S3S4 isn’t very imperiled, so that won’t bring much attention. In my experience that level mostly just means the species has actually been assessed and sure enough we might be reducing some of their habitat, but it’s not really actionable yet.

For a museum to use the specimen, they’ll need it preserved properly with a good label (full locality information, date, collector, etc), and an assurance that it was collected legally. Moths usually require pinning and spreading to be useful, which isn’t trivial for non-entomologists. But if you talk to a curator who’s interested they might know somebody willing to process it (and it is often possible to relax a dried or frozen specimen to pin and spread it after the fact).

Now, don’t let me dissuade you from helping the collections out-- far from it! As you know from your plant work, they’re vital. I work on specimen-based research every week and it’s hugely important that we keep on collecting insects so we know what’s out there today and not just 100 years ago.

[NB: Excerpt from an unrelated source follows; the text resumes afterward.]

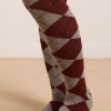Meet our signature knee length socks in grey/burg argyle. Crafted from 75% organic cotton, 23% recycled nylon, and 2% elastane, offering a perfect blend of comfort, durability, and a touch of stretch. The soft, organic cotton ensures a gentle feel against the skin, while the nylon and elastane contribute to enhanced flexibility and shape retention.

Every few months I’m on iNat asking people to collect a specimen of some unusual robber fly species they’ve observed. And the RBCM and many of the other museums you mentioned are still accepting new accessions. But before I’d bother to collect a moth, I’d talk to either someone who cares about moths or one of the curators so I knew there was a target destination. Otherwise you’ll just end up with a private random cabinet of curiosities that will likely eventually get tossed.

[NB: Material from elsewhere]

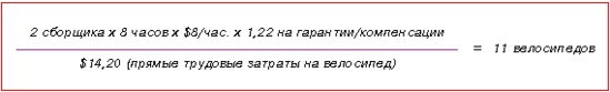 Например, при бенчмаркинге трудовых затрат при сборке велосипедов у конкурента, зная, что каждому рабочему платится, скажем, $8,00 в час, затраты на гарантии и компенсации составляют примерно 22% к базовой оплате, и если два сборщика собирают 11 велосипедов за 8 часов, то можно рассчитать прямые затраты на единицу изделия - $14,20. Если велосипед продается за 100 долларов, тогда прямые трудовые затраты - 14,2% от общего объема продаж:

Oh, and don’t be surprised if the computer vision is way off. It really struggles with insects, especially small obscure drab hyperspeciose things… From my understanding, moths have the advantage of actually having most Nearctic species at least entered in the system!

6 Likes

Some advice. Collect it, and put it in a container in the fridge. It should last a week or so in there. Then get in touch with someone - either at the university, or try @mothmaniac. He knows the moths out there. The likely response will be to kill and spread it, especially if there are similar species around.

4 Likes

Don’t think he uses the forum much but https://www.inaturalist.org/people/jasondombroskie has been incredibly helpful in getting me started with ID and collecting and he would likely offer a response/ opinion if you messaged him on iNaturalist.

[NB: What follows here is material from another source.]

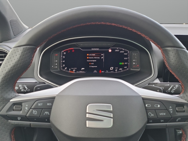 1. Hand; Scheckheftgepflegt; Navigationssystem; Scheinwerfer LED; LED- Hauptscheinwerfer mit Linse SEAT 'Full LED'; Klimaanlage Climatronic 2-Zonen; Klima-Komfort-Paket; Winterpaket; Sitzheizung für Vordersitze getrennt regelbar; Spurwechselassistent; Spurhalteassistent; Fernlichtassistent; Front Assist inkl. City ANB für ACC high; Automatische Distanzregelung (mit follow to stop) und Speed-Limiter; 'Vision Plus'-Paket: Parklenkassistent mit Rückfahrkamera; Fahrassistenz-Paket: Travel Assist; Nebelscheinwerfer und Abbiegeleuchte Nebelscheinwerfer; Lenkrad (Leder) mit Multifunktion; Scheibenwischer mit Regensensor; Ledersportmultifunktionslenkrad mit Tiptronic; Scheiben seitlich in Wärmeschutzver- glasung, ab B-Säule und hinten dunkel eingefärbt Getönte Seitenscheiben; Audiosystem mit Touchscreen-Farbdisplay; Außenspiegel, elektrisch anklappbar und elektrisch einstell-/beheizbar; Dachreling; Ambiente-Beleuchtung LED; Stoßfänger FR-Design

Hi; as a curator I encourage you to collect a specimen like this that you’re pretty sure is rare in collections. We can definitely use more records like that. As long as you gather the “what/where/when” information, and it’s in good condition, it will be useful. As mentioned already, it is good to talk to the local curators to know their requirements, but one of the public collections is pretty likely to be interested.
As for tracking down existing records, you can always shoot me a private message to check the datafile that I put together when I compiled “The Lepidoptera of Canada” checklist in 2018 - I visited most of the public Canadian collections and did a quick and dirty species inventory of many of them, over the previous 10 years. Not as good as full databasing, but 20x faster to extract “species x province” holdings. For T. formosa, I recorded 1 or more BC specimens in the Spencer collection, but that was back in about 2010 so perhaps it got re-identified as something else since. In the UBC collection, keep in mind the separate synoptic collection. My records say there’s another T. formosa there but it apparently has no locality label.

5 Likes

This topic was automatically closed 60 days after the last reply. New replies are no longer allowed.